I'm pretty sure the answer is yes, and that the proof will use Cox rings. However, I haven't been able to find references for all the facts about Cox rings I want, so I'll leave this as CW and hope someone else fills in the gaps.
Let $\Sigma$ and $\Sigma'$ be two fans, and $X$ and $X'$ the corresponding toric varieties, with $X \cong X'$. For simplicity, I'll assume that the unit groups of $X$ and $X'$ are both trivial (i.e. equal to $k^*$). This is equivalent to assuming that $\Sigma$ (respectively $\Sigma'$) is not contained in a hyperplane.
Let $H$ be the class group of $X$ (Weil divisors modulo principal divisors). Let $G$ be the character group $\mathrm{Hom}(H, \mathbb{G}_m)$. Cox's construction gives: A variety $Y$; an action of $G$ on $Y$; a $G$-invariant open subspace $U$; and a map $U \to X$ which makes $X$ into the categorical quotient $U/G$. This is sometimes called the universal torsor of $X$, although it is only a torsor when $X$ is smooth (earlier false statement corrected).
To help get you oriented, if $X = \mathbb{P}^2$, then $H = \mathbb{Z}$, $G = \mathbb{G}_m$, $Y= \mathbb{A}^3$ and $U$ is the complement of the origin in $Y$.
There are two ways to think about this construction. The one I understand well is the one from Cox's original paper. Let $\rho_1$, ..., $\rho_N$ be the rays of $\Sigma$. Let $Y = \mathbb{A}^N$. Each ray represents a class in $H$, and hence a character of $G$. Let $G$ acts on the $i$-th coordinate of $Y$ by the character of $G$ corresponding to $\rho_i$. Let $(y_1, \ldots, y_N)$ be a point of $Y$. Let $i_1$, \ldots, $i_k$ be the coordiantes for which $y_{i_j} =0$. Then $(y_1, \ldots, y_N)$ is in $U$ if and only if there is a cone of $\Sigma$ containing the rays $\rho_{i_1}$, ..., $\rho_{i_k}$. I'll cite you to Cox's paper for the map $U \to X$.

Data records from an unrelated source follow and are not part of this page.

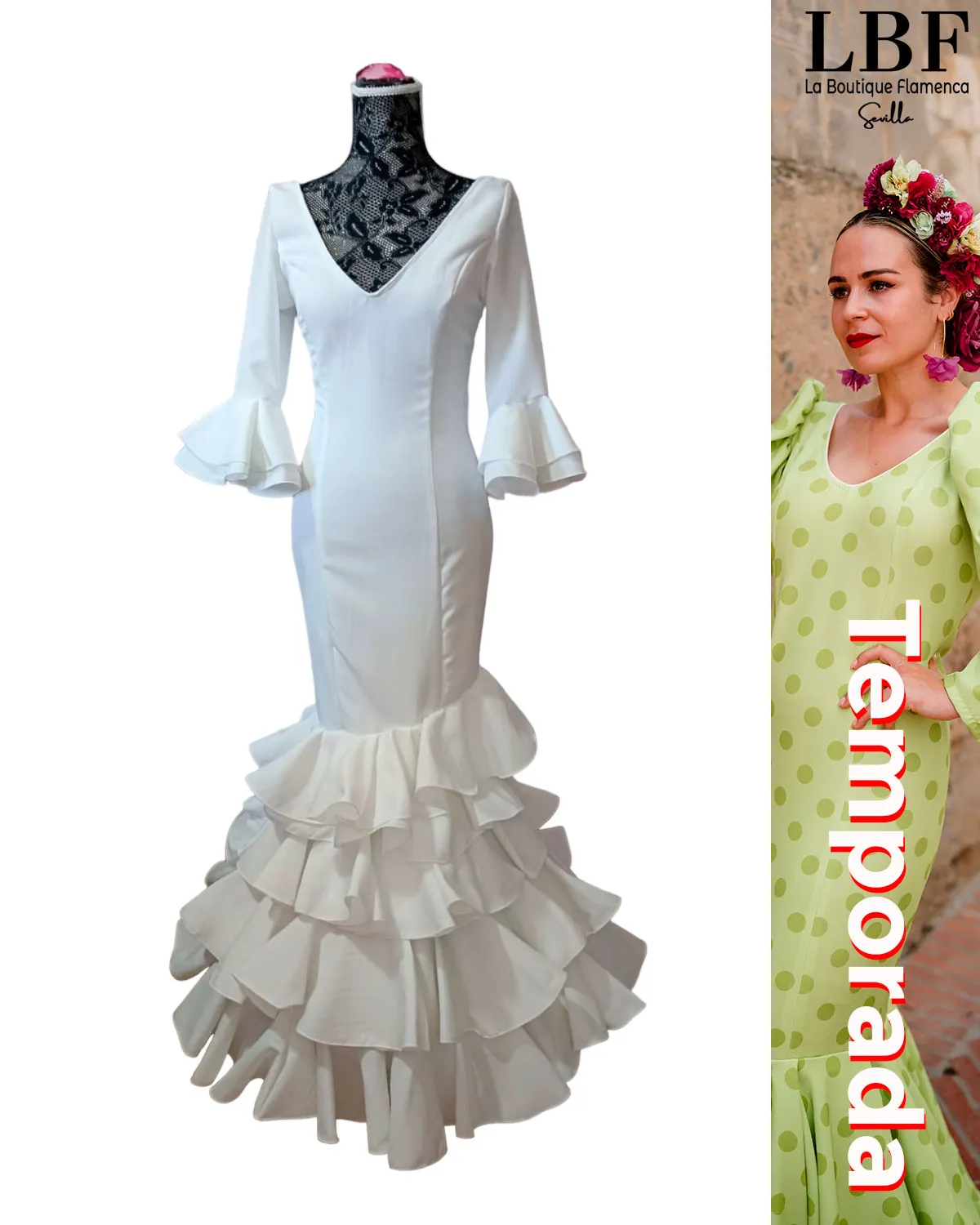 Sus volantes aportan volumen y personalidad al vestido, manteniendo la esencia del traje de flamenca tradicional andaluz, con un diseño actual y funcional.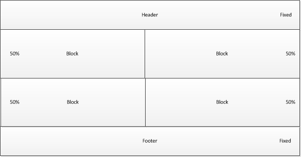 <div id="footer"> ... </div>我的问题是:我怎样才能使我的容器流动和头部和页脚是固定的?容器中的块设置在50%的高度和宽度上,因此只有容器必须是100%的高度(-固定的页眉和页脚)。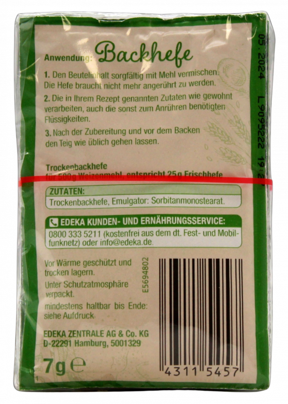 Trockenbackhefe, Emulgator: Sorbitanmonostearat.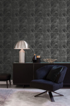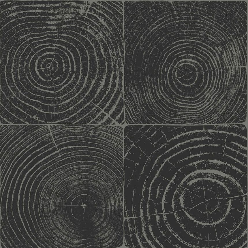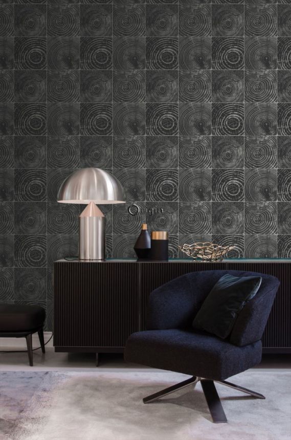 Černo-stříbrná vliesová tapeta, imitace dřeva s letokruhy 347544, Matières - Wood, Origin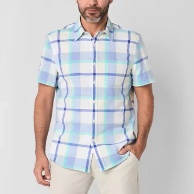 St. John's Bay Textured No Tuck Mens Short Sleeve Classic Fit Button-Down Shirt

That contsruction is very explicit, but it uses the fan. There is a more abstract construction, which I don't understand as well, which works for any normal variety and does not use the torus action. Specifically, for every $h \in H$, choose a specific Weil divisor $D(h)$ representing $h$. For any $h_1$ and $h_2$, choose a rational function $u(h_1, h_2)$ with divisor $D(h_1+h_2) - D(h_1) - D(h_2)$, subject to conditions to be named later.
Define the ring
$$R := \bigoplus_{h \in H} H^0(X, \mathcal{O}(D(h)))$$
with multiplication $H^0(X, \mathcal{O}(D(h_1))) \times H^0(X, \mathcal{O}(D(h_2))) \to H^0(X, \mathcal{O}(D(h_1 + h_2)))$ given by $f_1 \times f_2 = f_1 f_2 u(h_1, h_2)$. My understanding is that (1) it is always possible to choose the $u$'s such that this is a commutative and associative ring and (2) $R$ is independent of these choices, up to nonunique isomorphism. However, you should check these claims before using them.
We set $Y = \mathrm{Spec} \ R$. This comes with an obvious action of $G$, where $G$ acts on $H^0(X, \mathcal{O}(D(h)))$ by the character $h$. I am not sure how to define $U$ or the map $U \to X$, but I think there is a way. Note that none of this uses the torus action.
Now, let $(\Sigma, X)$ and $(\Sigma', X')$ be as above, and let $(Y, G, U, U \to X)$ and $(Y', G', U', U' \to X')$ be the results of the above constructions. If I am right that the Cox construction is sufficiently natural, then there should be isomorphisms $Y \cong Y'$ and $U \cong U'$, making the obvious diagrams commute. (Note that the construction of $G$ is intrinsic, so we definitely have $G \cong G'$.)
From the first description of the Cox ring, we see that $Y \cong Y' \cong \mathbb{A}^N$, so that $\Sigma$ and $\Sigma'$ both have $N$ rays.
A priori, we have $Y \cong Y'$ as $G$-varieties, and we know that each of $Y$ and $Y'$ can be identified with $\mathbb{A}^N$ so that the $G$-action becomes linear. My next claim is that the two representations of $G$ are isomorphic; i.e., we can arrange that the composition $\mathbb{A}^n \cong Y \cong Y' \cong \mathbb{A}^N$ is linear. Proof: Find a point $y$ in $Y$, fixed by the $G$-action. There is at least one such point, because the origin is fixed. Let $\phi: Y \to Y'$ be any $G$-equivariant isomorphism. Then the $G$-action on $Y$ is isomorphic to the $G$-action on the tangent space $T_y Y$, and the $G$-action on $Y'$ is isomorphic to the $G$-action on $T_{\phi(y)} Y'$. But the differential $D \phi : T_y Y \to T_{\phi(y)} Y'$ gives a linear isomorphism between the tangent spaces. Transporting structure, we have the claim.
So, $G$ acts on $Y$ and on $Y'$ by the same characters. This means that $\Sigma$ and $\Sigma'$ have the same rays. Now, looking at the combinatorics of $Y \setminus U$ and $Y' \setminus U'$, you should be able to read off the corresponding fans.